MOTS-c Half-Life and Pharmacokinetics
MOTS-c Half-Life and Pharmacokinetics
No validated human pharmacokinetic half-life has been published. As a small, unmodified peptide, native MOTS-c is expected to be short-lived in circulation, and the published in-vivo work relies on repeated daily or thrice-weekly dosing rather than a measured human t½ [1][2]. That repeated-dosing design is itself the clue: studies dose often because the native peptide does not persist, not because a human half-life has been characterized.
Delivery is an active research problem. Cell-penetrating analogues of MOTS-c have been engineered to improve uptake in specific contexts, which underscores that the native peptide's pharmacokinetics are a limitation researchers are still working around [4]. For how often studies dosed and why, see the frequency section below.
Dosing Frequency and Routes in Research
Dosing Frequency in the Research Literature
There is no validated human dosing schedule. Published rodent studies used repeated regimens such as daily IP injection [1] or 15 mg/kg three times per week IP [2]. These are animal-research protocols designed to maintain exposure of a short-lived peptide, not human dosing guidance.

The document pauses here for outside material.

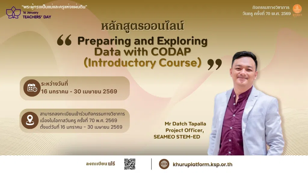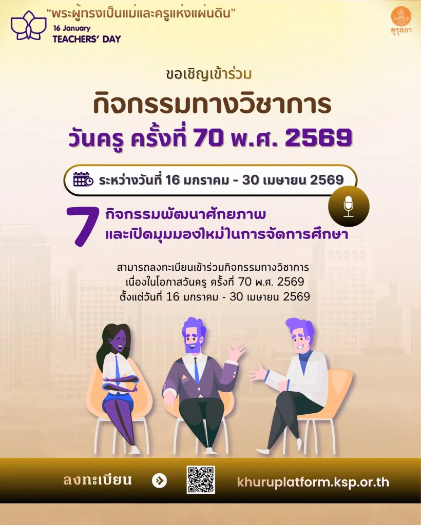 กิจกรรมวิชาการเนื่องในโอกาสงานวันครู ครั้งที่ 70 พ.ศ. 2569 “พระผู้ทรงเป็นแม่และครูแห่งแผ่นดิน” ขอเชิญชวนคุณครู ผู้บริหาร บุคลากรทางการศึกษา และผู้สนใจทุกท่าน เข้าร่วมกิจกรรมทางวิชาการผ่านระบบออนไลน์ เพื่อพัฒนาศักยภาพและเปิดมุมมองใหม่ในการจัดการศึกษา

Daily Versus Intermittent Dosing in Studies
Rodent studies used both daily and thrice-weekly IP regimens — daily dosing in metabolic work [1] and both daily and 15 mg/kg three-times-weekly schedules in aged-mouse capacity studies [2]. There is no validated human schedule, and these animal protocols are not a recommendation for human use.

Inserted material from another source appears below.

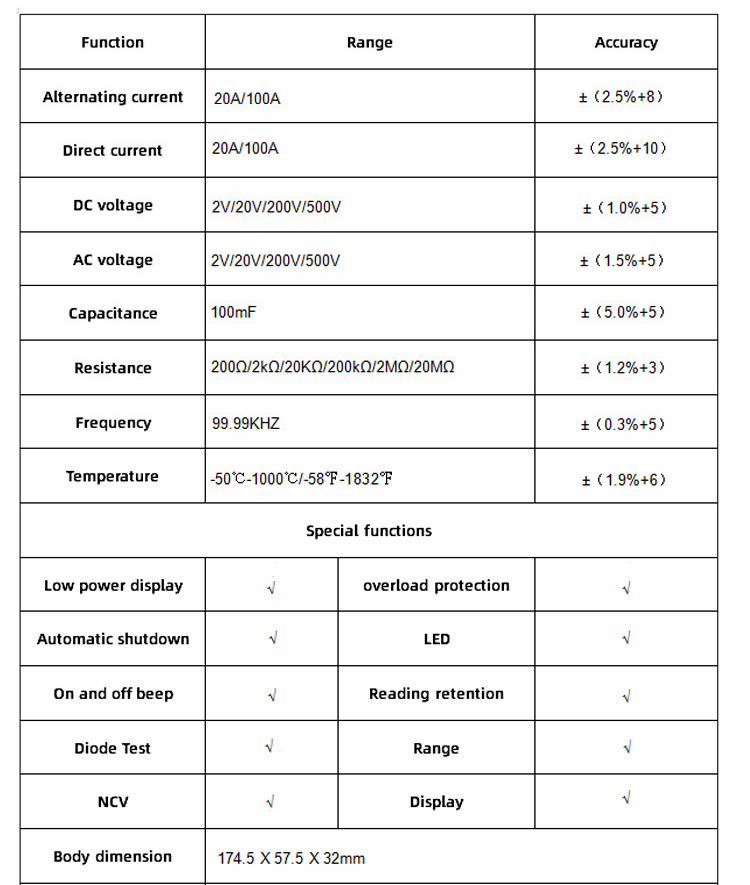 - AC/DC clamp multimeter. Multi-function test, small and exquisite

Injection Routes Used in Research
In published animal studies MOTS-c was given by intraperitoneal (IP) injection, the dominant route in rodent work [1][2]. Subcutaneous injection appears in the broader research context, and cell-culture and cell-penetrating-analogue delivery feature in mechanistic studies [4]. These are research routes; there is no validated human injection-site guidance.
Study Durations in the Literature
Published animal studies ran for varying durations — roughly 8 weeks in the founding metabolic model [1] and up to 12 weeks in a bone study. No human treatment duration has been established, so these durations describe experiments, not regimens.
Formulation and Stability Notes
MOTS-c is supplied for research as a lyophilized (freeze-dried) powder; lyophilization is simply freeze-drying into a stable solid that is reconstituted before use. Reconstitution and storage conditions are vendor- and study-specific, and no standardized human formulation exists [4]. Because the material is sold for laboratory research rather than as a pharmaceutical, identity, purity, and sterility are not regulated to drug standards and vary by supplier — a point covered further on the MOTS-c legal status and 503A access page. The molecular reference points stay fixed across the literature: a 16-amino-acid peptide, sequence MRWQEMGYIFYPRKLR, molecular weight 2174.61 Da [1].